Pelarangan diatur dalam Peraturan Menteri Perdagangan (Permendag) Nomor 51/M-DAG/PER/7/2015 tentang Larangan Impor Pakaian Bekas. Lalu, terdapat pembaruan aturan yakni Permendag Nomor 40/2022 tentang Perubahan atas Permendag 18/2021 tentang Barang Dilarang Ekspor dan Barang Dilarang Impor.
Baca Juga
Suroto menilai bahwa regulasi itu sangat lemah, karena meskipun berupa larangan tetapi tidak imperatif atau bersifat mengharuskan. Sanksi yang ada pun menurutnya hanya administratif, sehingga tidak cukup kuat untuk memberikan efek jera.
"Bahkan lemahnya regulasi ini berpotensi terjadinya kongkalikong antara importir dengan pihak kepabeanan di lapangan dari barang barang yang diselundupkan melalui 'jalur tikus'," ujar Suroto pada Jumat (24/3/2023).
Dia menilai bahwa tidak jelasnya kerangka regulasi membuat penindakan impor pakaian bekas menjadi sangat lemah. Suroto bahkan menilai bahwa penanganan di lapangan tidak serius, karena kepabeanan dan aparat penegak hukum tidak menelusuri dan menangkap 'bandar besar' dari aktivitas impor itu.
"Melihat regulasi yang lemah, maka dapat dikatakan penegasan pelarangan yang dilakukan presiden adalah hanya drama semata mata," katanya.
Suroto menilai bahwa membanjirnya pakaian bekas memang akan menjadi ancaman bagi industri dalam negeri. Namun, untuk menghadapi kondisi itu, pemerintah harus membuat pelarangan yang tidak represif dan memberikan insentif yang jelas bagi industri kreatif dalam negeri.
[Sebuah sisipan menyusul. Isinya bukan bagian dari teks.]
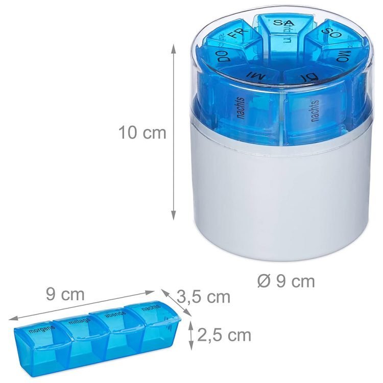 - Details: Pill box for storing medicines and vitamins – Overall dimensions H x ?: approx. 10 x 9 cm

Menurut Suroto yang juga CEO Induk Koperasi Usaha Rakyat (INKUR) Federation, insentif harus berorientasi terhadap perkembangan industri rumah tangga (home industry) atau industri kecil dan menengah. Apabila tidak, berbagai kebijakan yang ada lagi-lagi menjadikan masyarakat kecil sebagai korbannya.
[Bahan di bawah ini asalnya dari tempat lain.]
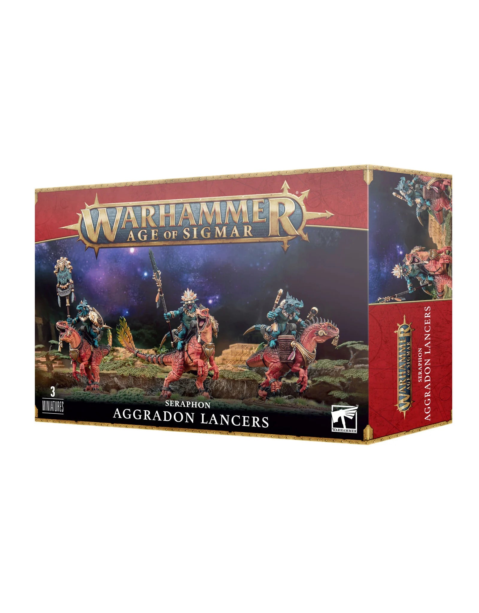 Aggradon Lancers are among the most aggressive cavalry known to the Mortal Realms, for their fearsome scaled steeds only become swifter and more ravenous as battle-frenzy overtakes their senses. A charge of Aggradon Lancers can collapse entire battlelines in a storm of predatory violence, riders and mounts alike lashing out with savage force and overwhelming ferocity.

"Semestinya, jika pemerintah itu benar benar serius maka regulasi pelaranganya dibuat imperatif, para pedagang kecilnya diberikan jeda waktu yang jelas dan diarahkan untuk mengalihkan usahanya dari berjualan barang bekas lokal dan atau usaha lainya. Mereka selama ini telah banyak yang andalkan kegiatan penjualan sebagai gantungan hidup keluarganya," kata Suroto.